Abstract
BACKGROUND
Spinal subdural empyemas are a rare presentation of rapid neurological decline, progressing from radiculopathy to complete paralysis and sensory loss. Although pathogenic mechanisms have been hypothesized, their occurrence in this population of patients remains unclear.
OBSERVATIONS
The authors present the third documented case of an isolated spinal subdural empyema of unclear etiology in an immunocompetent patient with no established risk factors.
LESSONS
Successful treatment requires prompt clinical suspicion, radiological diagnosis, and surgical evacuation along with empirical antibiotic treatment. Radiological clarification of the subdural versus the epidural location of the empyema is difficult, while intraoperative durotomy for exploration risks subdural dissemination. In these cases, intraoperative ultrasonography would be a useful adjunct and decision aid.
Keywords: spinal subdural empyema, intraoperative sonography, immunocompetent, spinal infection, subdural empyema
ABBREVIATIONS: ICU = intensive care unit, IV = intravenous, MRI = magnetic resonance imaging.

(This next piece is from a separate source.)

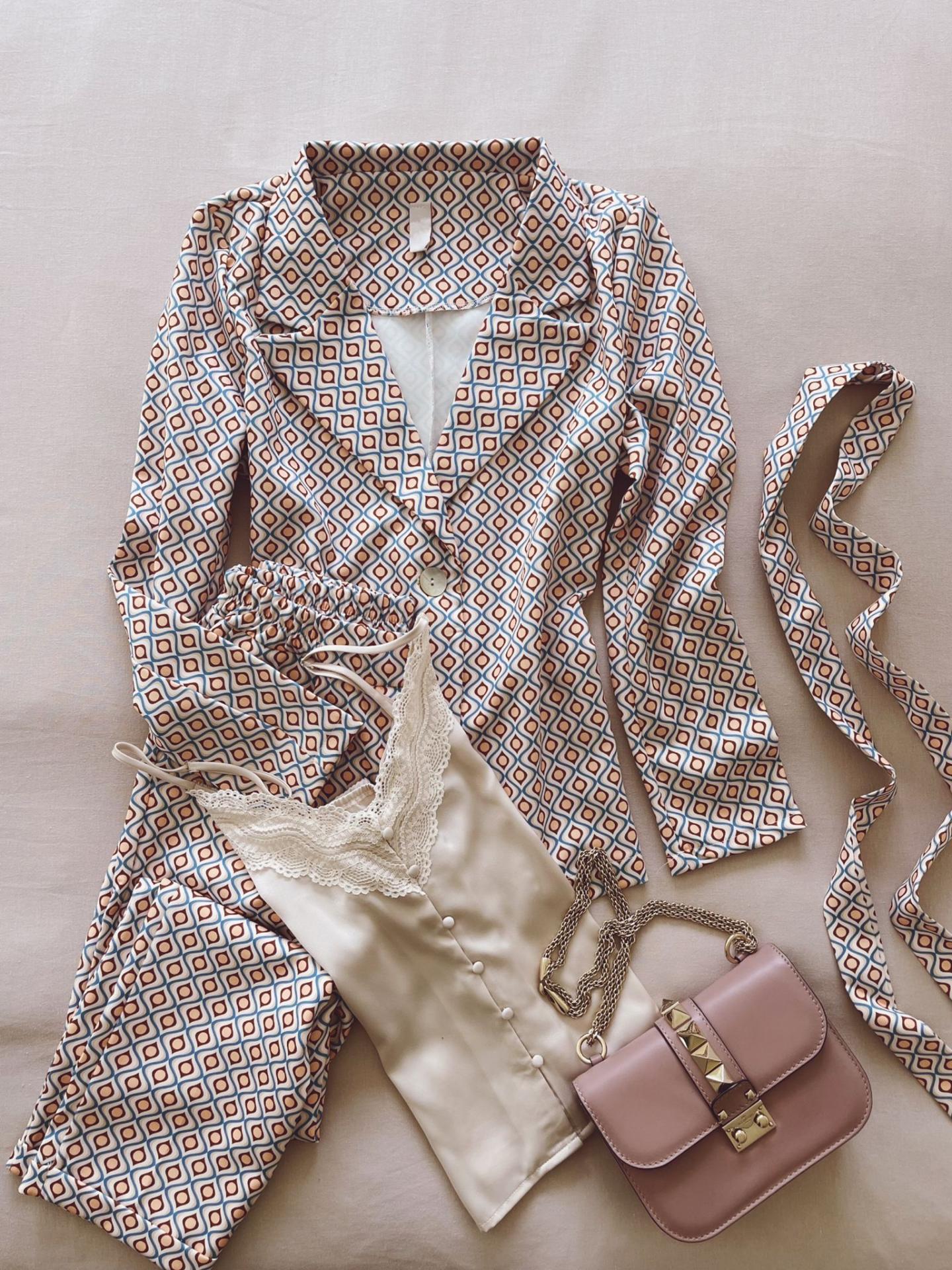 Conjunto pantalón y americana estampado.
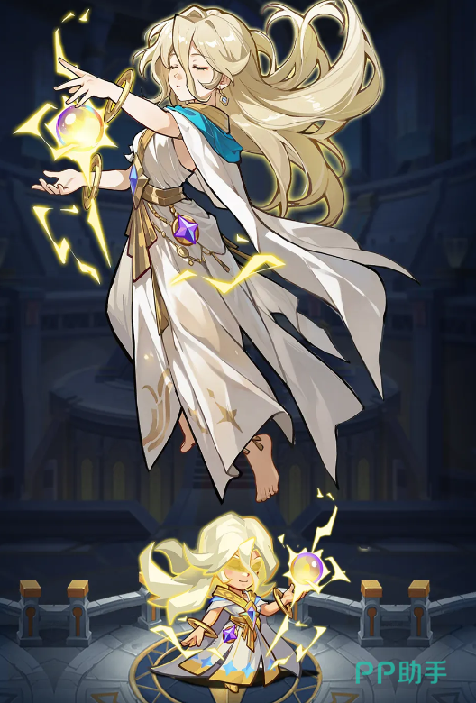 神秘系雷属性法师,仅在重大剧情节点现身,承担战略指引职能。技能“神光”通过水晶球凝聚魔力,在指定区域构建法阵,自上而下释放六次雷系能量冲击,具备极高的单区总伤与命中稳定性;“雷鸣”则以施法者视角锁定方向,开启眼部符文引导天雷降临,对范围内所有单位造成三次雷属性打击,适合应对突发团战或高机动目标。

Subdural empyema, a loculated collection of purulence between the dura mater and the arachnoid mater, can present within the cranial vault or, in very rare cases, within the spine.1, 2 Interposed between the spinal epidural space and the intramedullary compartment, the spinal subdural space is contiguous across segments, making it prone to rapid and extensive colonization.2, 3 This results in a spectrum of diseases ranging from cord infarction to profound neurological deficit within 48 hours, particularly if not treated expeditiously with antibiotics and often surgical drainage.2, 4
The rarity of spinal subdural empyema has conferred a paucity of literature since its initial description in 1927 by Sittig.5, 6 With fewer than 80 reported cases, the pathogenesis is poorly understood, with prevalent theories revealing a predominant incidence in those with chronic sinus infections and immunosuppressive conditions (including diabetes, malignancy, human immunodeficiency virus infection, and intravenous [IV] drug use).7, 8 The following case illustrates a recent experience in a patient with an isolated spinal subdural abscess and, to our knowledge, the third case in the published literature without an underlying etiology or risk factors in an immunocompetent patient.9
Illustrative Case
History
A 55-year-old right-handed woman working as an industrial cleaner presented to the emergency department with a 48-hour history of rapidly progressive right-predominant dense quadriparesis in the setting of clinical and biochemical sepsis. Associated symptomatology included a subjectively swollen and tender right ankle, as well as systemic manifestations of infection, including fevers, without other focal neurological manifestations or alternative foci of infection.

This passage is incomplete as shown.